Shazam knows me well. I’m unguarded around my quixotic, unconditionally loving friend, my normally shuttered gaze open, expressive.

“Oh, Yi-yi,” he whispered, tears filling his eyes. “You wouldn’t unchoose it if you could. You want it.”

I did. I inclined my head and smiled faintly. He smiled back, albeit tearfully. It’s strange to see Shazam smile, thin lips peeling back from sharp fangs, curving up into his cheeks. It always reminds me of something but it’s proved an elusive memory.

A volley of thuds hit the front door and I heard it splinter with a thunderous crash.

Shazam vanished, leaving me alone to face it.

I rolled my eyes at the half-stripped bloody skull on the island. “Coward,” I muttered as I closed my fingers on the hilt of my sword and began to pad stealthily down the long hallway toward the door.

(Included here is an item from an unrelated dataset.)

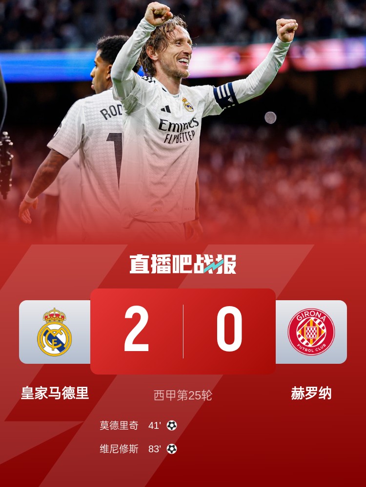 近4轮首胜!皇马2-0赫罗纳追平榜首 莫德里奇世界波维尼修斯破门

Demons dreaming, breathe in, breathe in, I’m coming back again

I’VE FACED MANY MONSTERS in my life, in Dublin and on countless worlds in the Silvers. I’ve battled on planets of endless night, and scorching desert worlds with multiple suns. I survived by detaching from everything I know, think, and feel and engaging fully in the fight. Some say I’ve done unspeakable things. I disagree. I’ve simply done things I don’t like to speak about and they wouldn’t like to hear.

I could hear it, down the hallway, around a corner, in the foyer near the guest bath (as if I ever had guests), but even without the labored panting of its breath that hitched infrequently on a chilling, snakelike rattle, or the ponderous impact against the floor of whatever appendages on which it prowled (from the sound, my intruder weighed a good four to five hundred pounds), I could feel it.

It had presence.

Massive, dark and hungry. Not Fae.

Staggering power. Familiar in some way, yet…not. I cocked my head and opened my senses, siphoning energy off that deep inner lake from which sidhe-seers draw power—those of us descended from the six ancient Irish Houses mutated eons ago by the addition of the Unseelie King’s blood—but the vast, dark expanse had nothing to offer me. No rune, ward, or gift of foresight to help me discern what lay ahead.

My hand itched relentlessly, as if allergic welts were sprouting beneath my skin. Gritting my teeth against the distraction, I began to pad forward again.

A grunt was followed by a long, guttural groan and a wet snuffle. There was a dull thump, as if my enemy had stumbled against the wall.